Her "Chaos" series may be dark and ambitious, but Sayers-Newlin is equally at home with art that is as buoyant, high-spirited and cheerful as the artist herself. Consider this simple and wonderful sculpture: a fat cardboard tube that once held a fishing pole, mounted vertically in a bowl filled with plaster of Paris (I think), carefully wrapped with bands of contrasting colored thread, and capped with a tailor's measuring tape.

Once again, she delights in using whatever materials come to hand; as she says in an artist's statement accompanying the exhibition, "Found objects have connotations and history that enrich art symbolically."

The tiny Bridge Gallery is only open on weekends, but appointments can be made to see the work, and your time will be well spent.

Like the Bridge, Colorado College's Coburn Gallery is tiny; a single, medium-sized room. But given that it can draw upon the resources of one of the country's finest small colleges, we shouldn't be surprised that their exhibitions are often very good indeed.

Through April 16, the gallery is featuring On the Wall: A Clay Invitational, presented by the Colorado College Arts and Crafts Program. It's an extraordinarily accomplished show, which is equally extraordinarily uneven. How so?

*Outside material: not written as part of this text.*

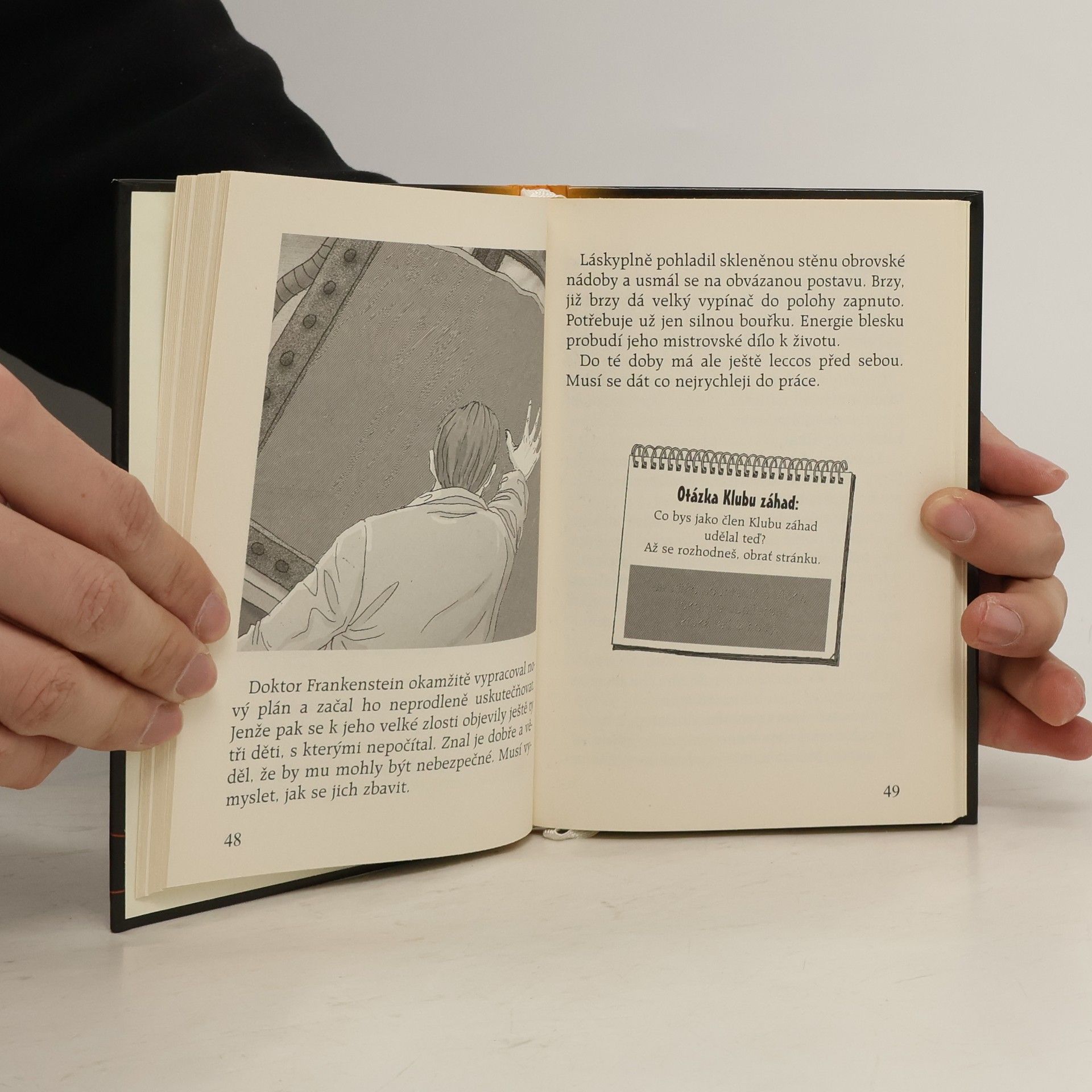 Po škole se šíří neuvěřitelná fáma: Jupiterův nový učitel se prý v noci potlouká po hřbitovech, kde krade části mrtvých těl a potají z nich sestavuje příšery - stejně jako nechvalně proslulý dr. Frankenstein. Je něco takového opravdu možné? Setkal se snad Klub záhad s Frankensteinovým potomkem? Klub záhad zahajuje pátrání. A ty jsi při tom!

Every artist represented has clearly achieved technical mastery of the ceramicist's art. They're capable of sculpting, molding and firing clay at a level that most amateurs could never dream of achieving. Some, like Karen Koblitz, appear to have reached unimaginable levels of mastery in their use of glazes, and in precisely controlling their final creation.

Yet the creation of art goes beyond technical competence. A work of art that is not infused with vision and feeling is sterile and unsatisfying. Happily, though, a few of the pieces in the show are both competent and meaningful.

Karen Koblitz is represented in the show by a single work, "Arts & Crafts Still Life with Iris Vase." In her piece, Koblitz pays affectionate homage to the arts & crafts movement of a century ago with what appears to be a perfectly straightforward recreation of a period vase placed on a tile niche surrounded by period tiles. But the vase is only half a vase; it's part of the tile wall. And the forms and proportions are subtly distorted, the glazes are too bright, the design a little more swirly and aggressive than those of the period. It's a clever and witty piece, which reminds us that the past is unknowable, that objects are not as they first appear, and that we don't know what we think we know. Remember the lines from "Casey Jones": The trouble with you is the trouble with me/ we've got two good eyes, and we still can't see? It's worth a trip to the show just to see this single object.

I liked Mary Daly's simple, unpretentious piece. Titled "I am Good at Dreams," it consists of several brown clay niches, faintly resembling cutaway birdhouses, each containing different objects. I noticed broken eggshells, a fragment of a bird's nest, withered leaves from an oak tree, and a wasp's nest. Images of death and decay, or of birth and change, as carefully and subtly arranged as a Morandi still life.

Janet Williams makes shadow boxes, framed and glassed assemblages of ceramic objects that both relate to and comment upon pages from the 1976 edition of the Thomas Register (a sourcebook for industrial machinery), which are glued to the back of the box. A group of fragile, spindled, white ceramic tubes contrasts tellingly with 25-year-old lists of suppliers of industrial valves. The fragile may endure; but something as solid and mundane as a bronze and steel valve survives only as a sheet of yellowed newsprint.

Small galleries, ambitious themes, good art. Who said "ars longa, vita brevis" anyway? I don't know, but go have a look at these two shows.

They'll be gone before the anemones bloom.